■ **What you should do**
Whenever a picture appears in the data, skip it and write out all other material exactly.

■ **Entries provided**
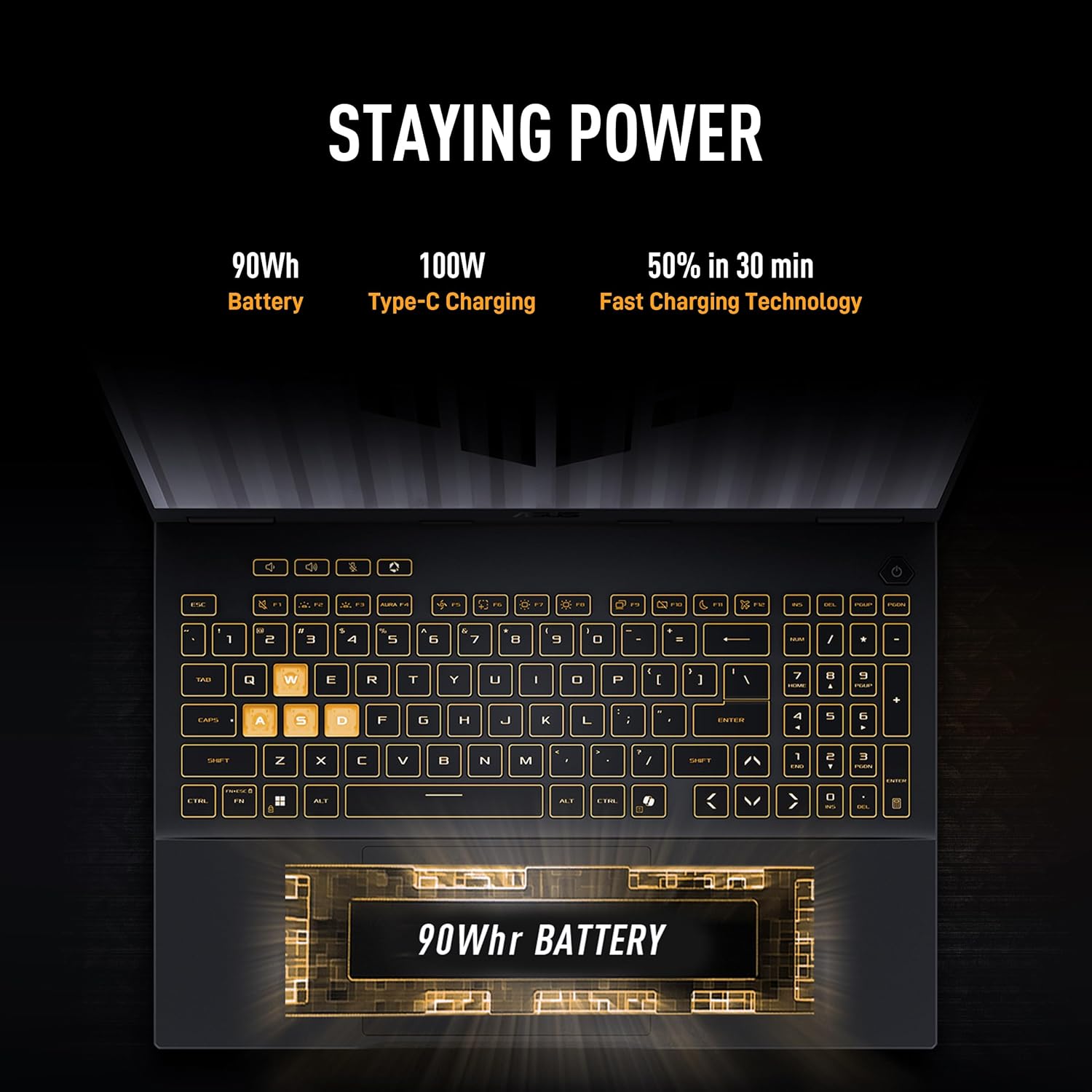 Certified with MIL-STD-810H durability standards, the laptop is built to withstand drops, vibrations, humidity, and extreme temperatures. The sturdy hinge and reinforced corners provide long-term reliability, which is one of the biggest selling points of the TUF series.
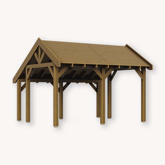 Deze overkapping bestaat uit groen geïmpregneerd Douglas hout. Daardoor heeft de overkapping een karakteristieke, robuuste uitstraling. Door de behandeling is het hout beter bestand tegen verwering, maar het hout zal na verloop van tijd alsnog wat veranderen naar een lichtgrijze kleur. Hierdoor wordt het landelijke karakter extra versterkt!
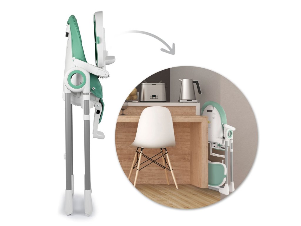- môžete nastaviť polohu podnosu alebo ho odstrániť, keď chcete dieťa vziať zo stoličky alebo ho priniesť k stolu na rodinnú večeru.
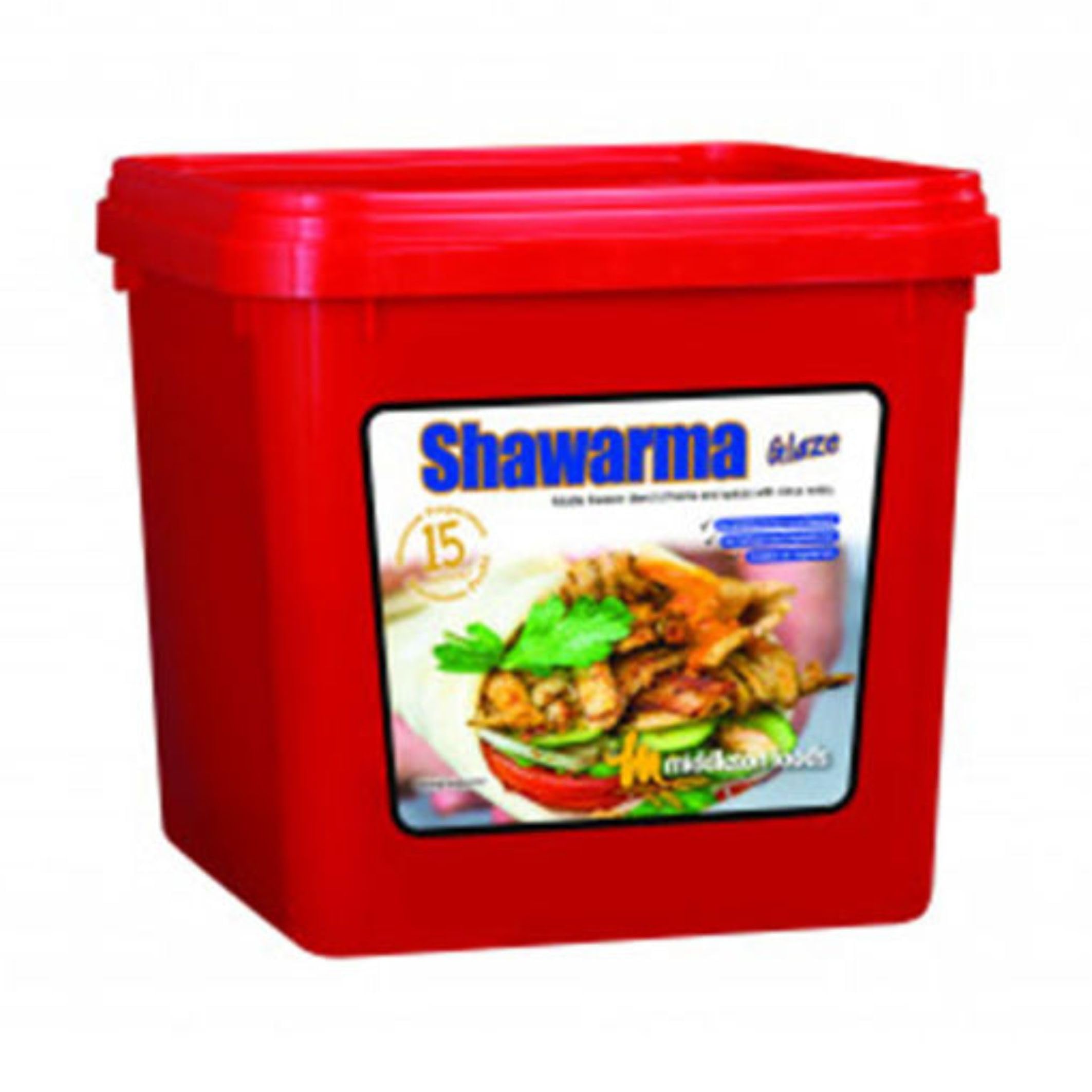 Middleton Foods Shawarma Glaze 2.5kg. Meat Flavouring INGREDIENTS Ingredients Sugar, Dried Glucose Syrup, Maize Starch, Salt, Garlic Granules, Ground Cumin, Smoked Paprika Powder, Ground Coriander, Ground Cinnamon, Ground Black Pepper, Acidity Regulator (Citric Acid), Ground Turmeric, Ground Allspice, Natural Flavourings (Turmeric Extract, Lemon Flavouring, Chilli Flavouring), Chilli Powder, Thickener (Guar Gum), Ground Clove.
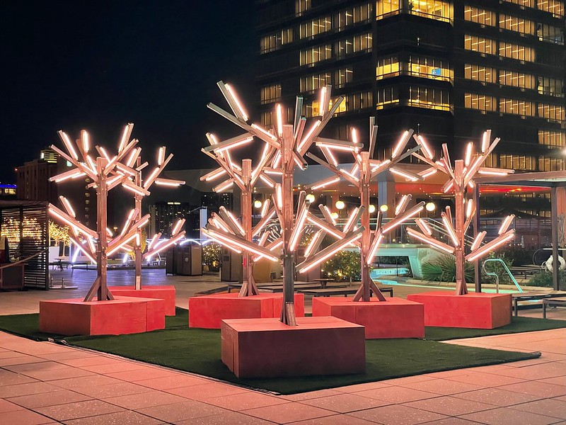 After working on a similar project with Houston Marriott Marquis previously, Lightswitch was able to take complete creative control during Texas Winter Lights. The process was efficient thanks to our many creative and manufacturing partners. While this event was born out of the hotel’s desire to capitalize on pandemic “staycation” traffic, we ended up creating a staple destination for the downtown area. We hope to continue building on this project, bringing in business for the hotel, and giving the people of Houston many evenings of wonder and entertainment during the winter months.
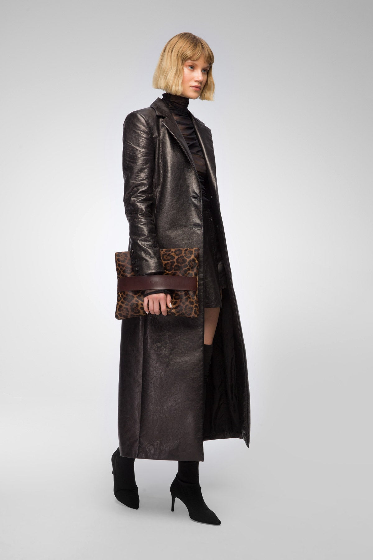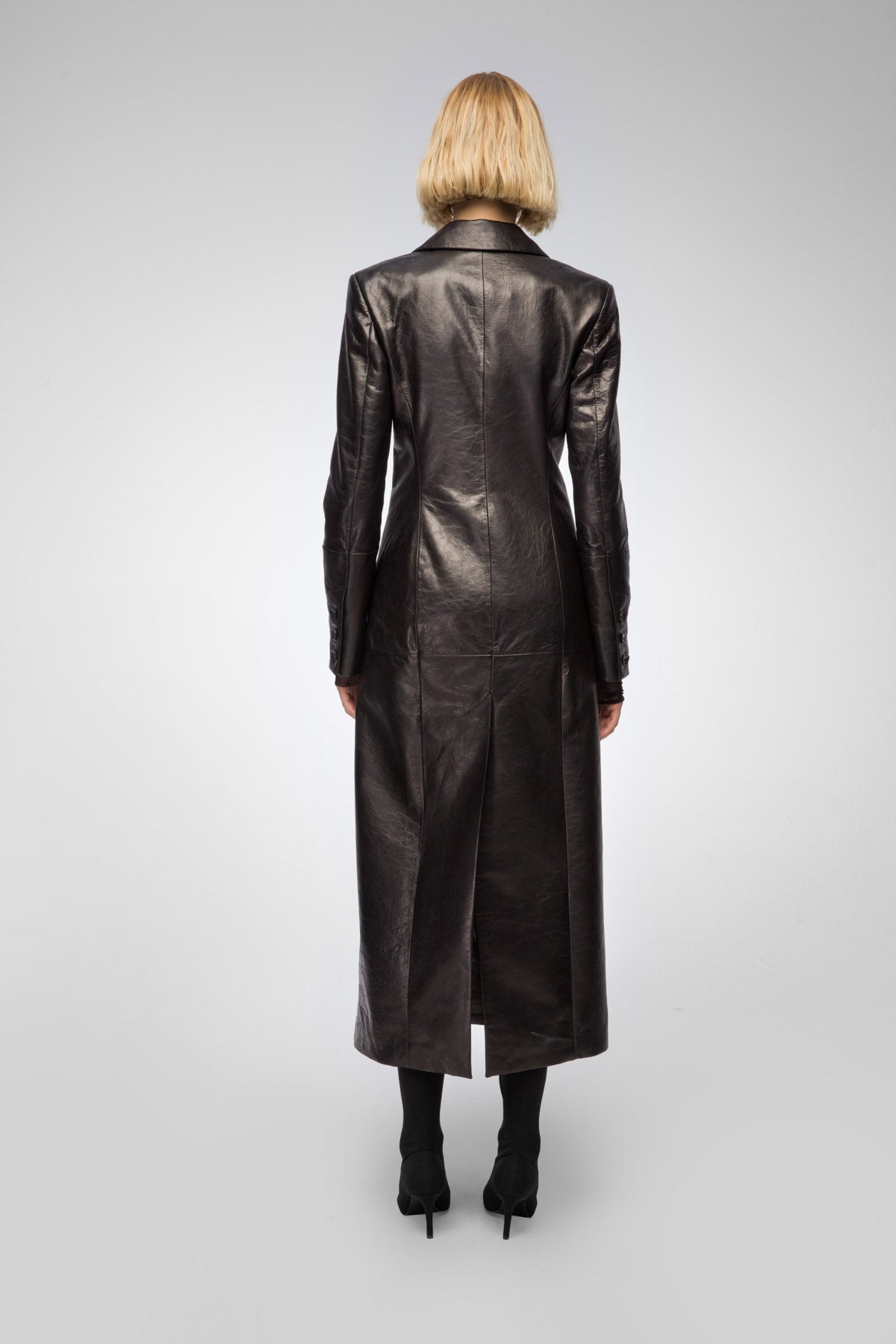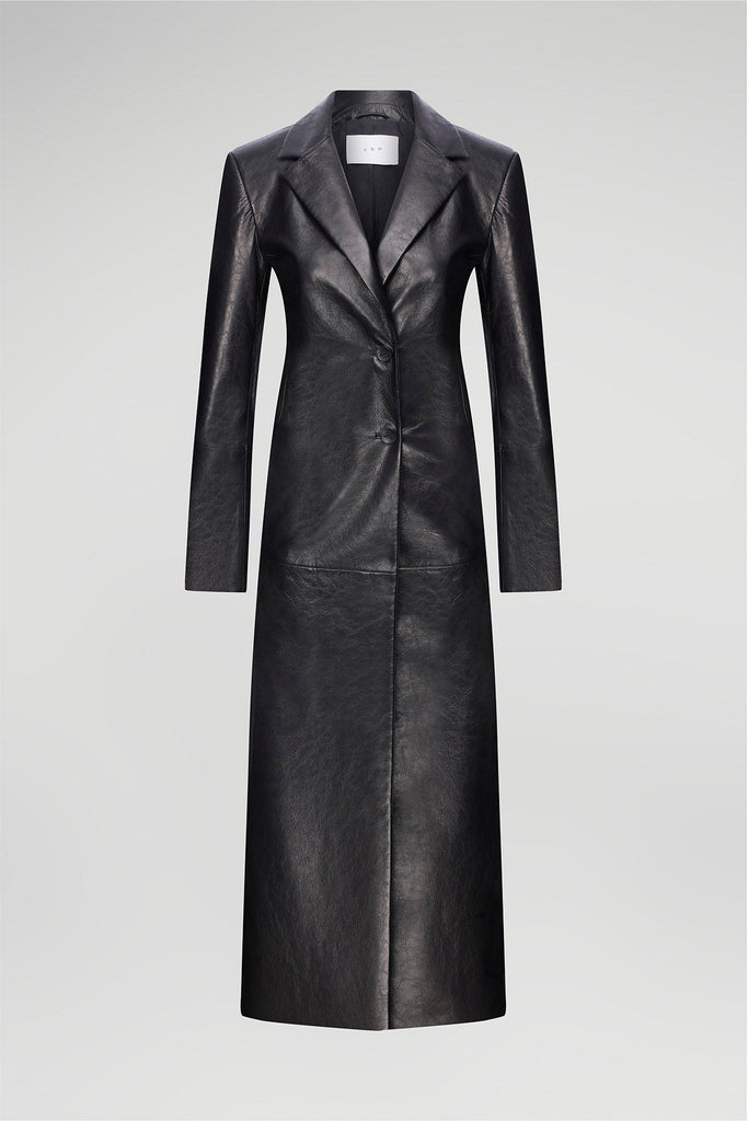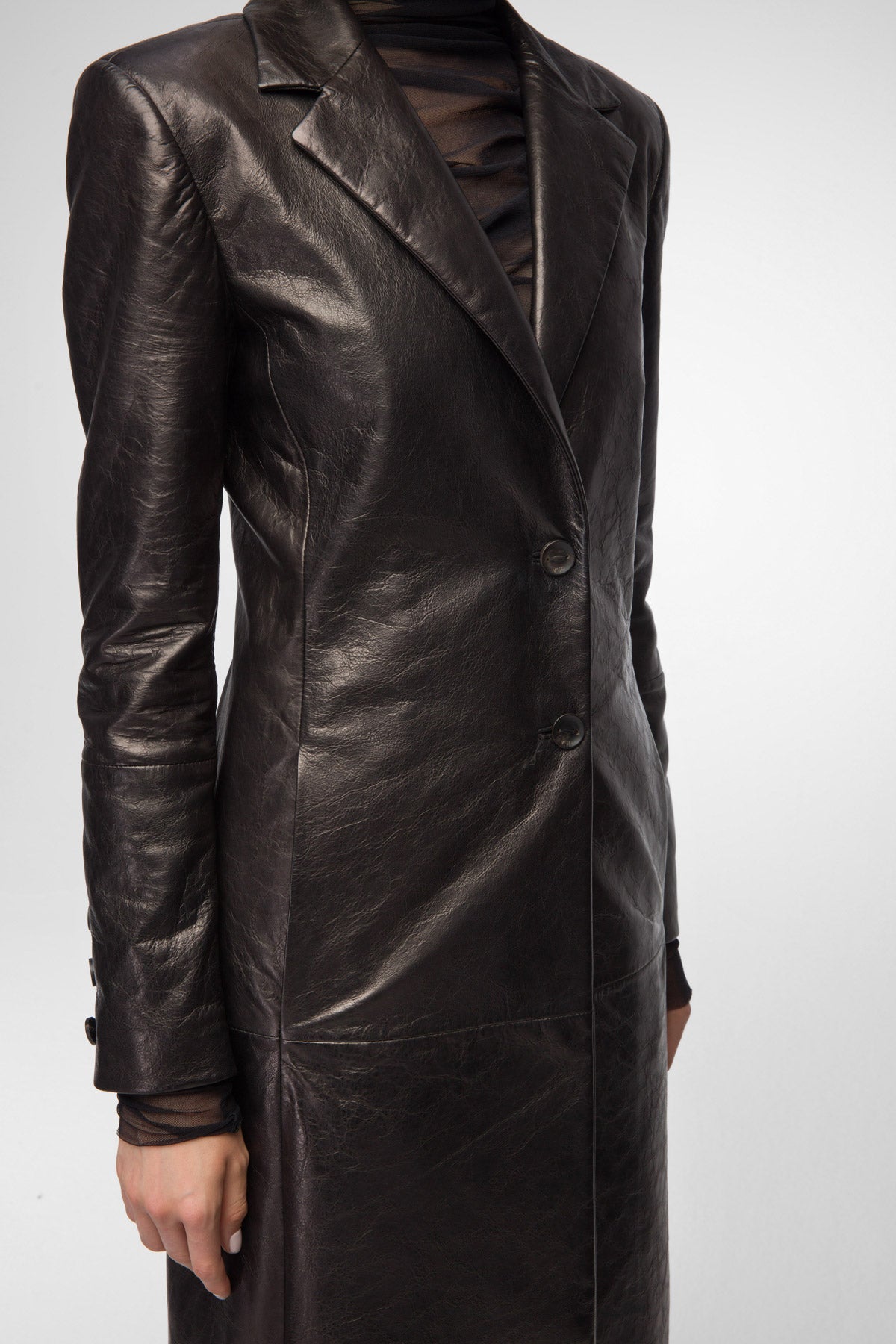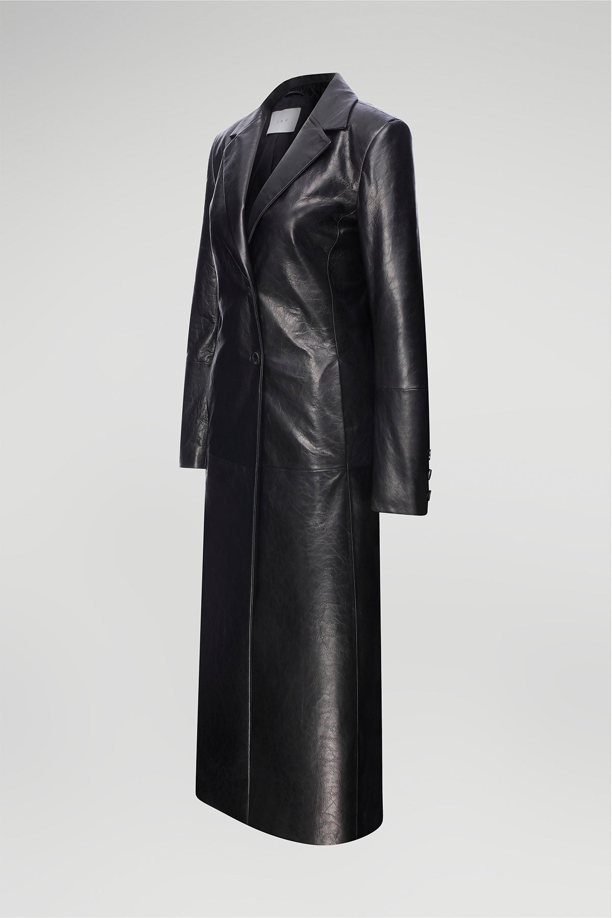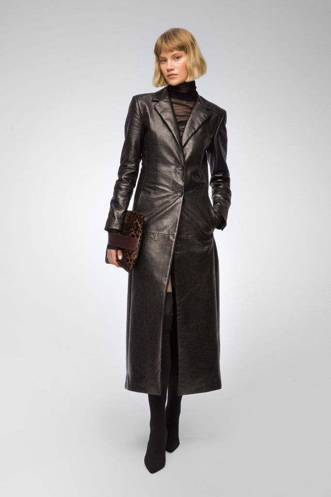 Taillierter, einreihiger Ledermantel mit Seitentaschen. Der Doppelknopfverschluss verleiht ihm eine elegante Note. Gefertigt aus hochwertigem Lammleder (100 %) mit luxuriöser Verarbeitung. Die offene Vorderseite unterstreicht den raffinierten, eleganten Look.
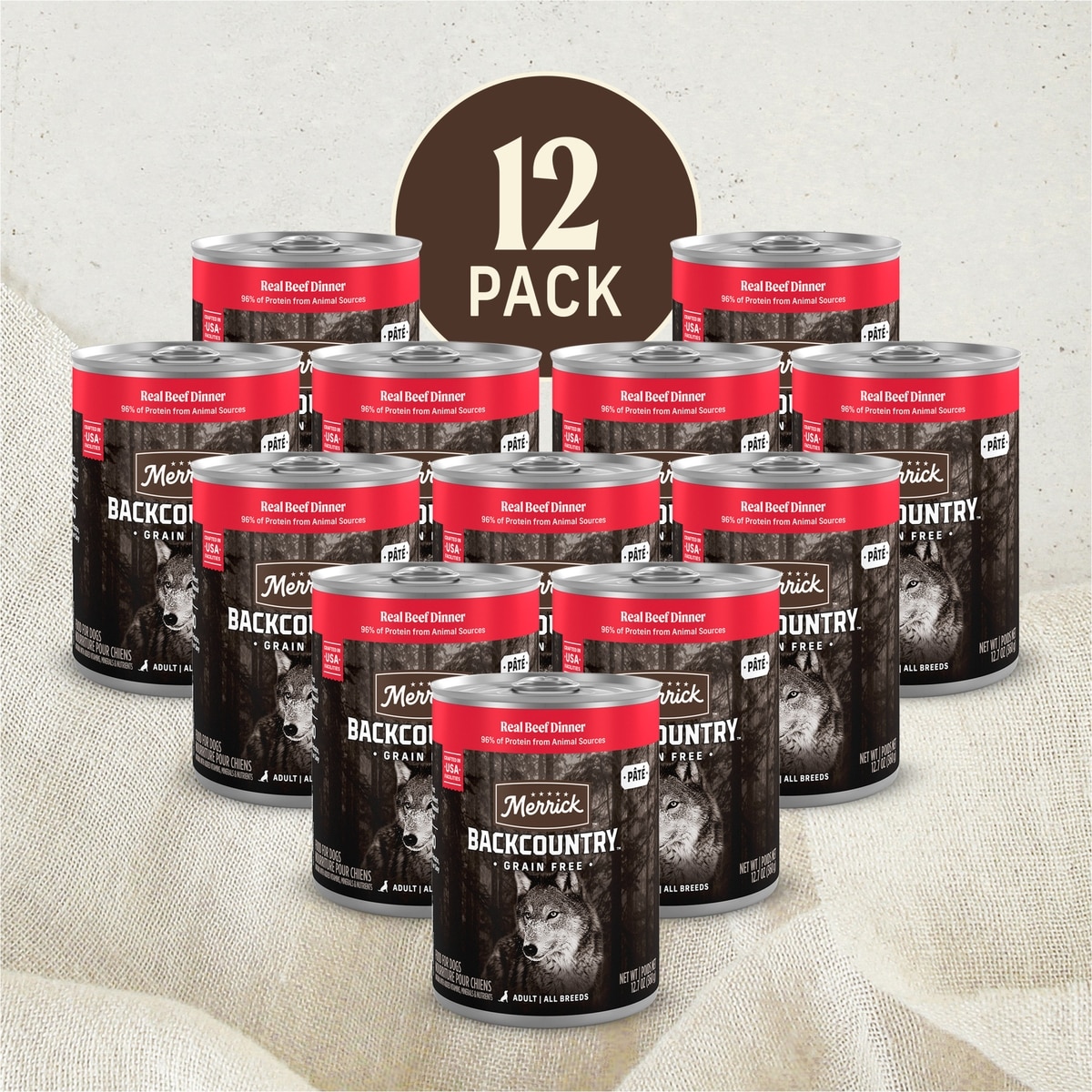 - Merrick Adult Grain-Free Beef, Lamb & Bison Pate Canned Dog Food, 12.7-oz can, case of 12$45.36 Chewy Price$50.28 List Price$43.09 Autoship PricePromo, New Customers Only: Spend $49+, Get $20 eGift Card +1 deal
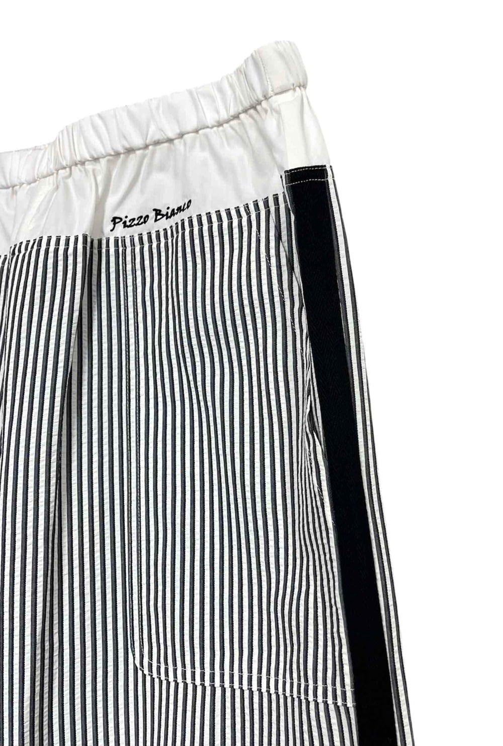 ウエストの無地部分にブランドネームの刺繍、

■ **Completed task**
 Certified with MIL-STD-810H durability standards, the laptop is built to withstand drops, vibrations, humidity, and extreme temperatures. The sturdy hinge and reinforced corners provide long-term reliability, which is one of the biggest selling points of the TUF series.
 Deze overkapping bestaat uit groen geïmpregneerd Douglas hout. Daardoor heeft de overkapping een karakteristieke, robuuste uitstraling. Door de behandeling is het hout beter bestand tegen verwering, maar het hout zal na verloop van tijd alsnog wat veranderen naar een lichtgrijze kleur. Hierdoor wordt het landelijke karakter extra versterkt!
- môžete nastaviť polohu podnosu alebo ho odstrániť, keď chcete dieťa vziať zo stoličky alebo ho priniesť k stolu na rodinnú večeru.
 Middleton Foods Shawarma Glaze 2.5kg. Meat Flavouring INGREDIENTS Ingredients Sugar, Dried Glucose Syrup, Maize Starch, Salt, Garlic Granules, Ground Cumin, Smoked Paprika Powder, Ground Coriander, Ground Cinnamon, Ground Black Pepper, Acidity Regulator (Citric Acid), Ground Turmeric, Ground Allspice, Natural Flavourings (Turmeric Extract, Lemon Flavouring, Chilli Flavouring), Chilli Powder, Thickener (Guar Gum), Ground Clove.
 After working on a similar project with Houston Marriott Marquis previously, Lightswitch was able to take complete creative control during Texas Winter Lights. The process was efficient thanks to our many creative and manufacturing partners. While this event was born out of the hotel’s desire to capitalize on pandemic “staycation” traffic, we ended up creating a staple destination for the downtown area. We hope to continue building on this project, bringing in business for the hotel, and giving the people of Houston many evenings of wonder and entertainment during the winter months.
 Taillierter, einreihiger Ledermantel mit Seitentaschen. Der Doppelknopfverschluss verleiht ihm eine elegante Note. Gefertigt aus hochwertigem Lammleder (100 %) mit luxuriöser Verarbeitung. Die offene Vorderseite unterstreicht den raffinierten, eleganten Look.
 - Merrick Adult Grain-Free Beef, Lamb & Bison Pate Canned Dog Food, 12.7-oz can, case of 12$45.36 Chewy Price$50.28 List Price$43.09 Autoship PricePromo, New Customers Only: Spend $49+, Get $20 eGift Card +1 deal
 ウエストの無地部分にブランドネームの刺繍、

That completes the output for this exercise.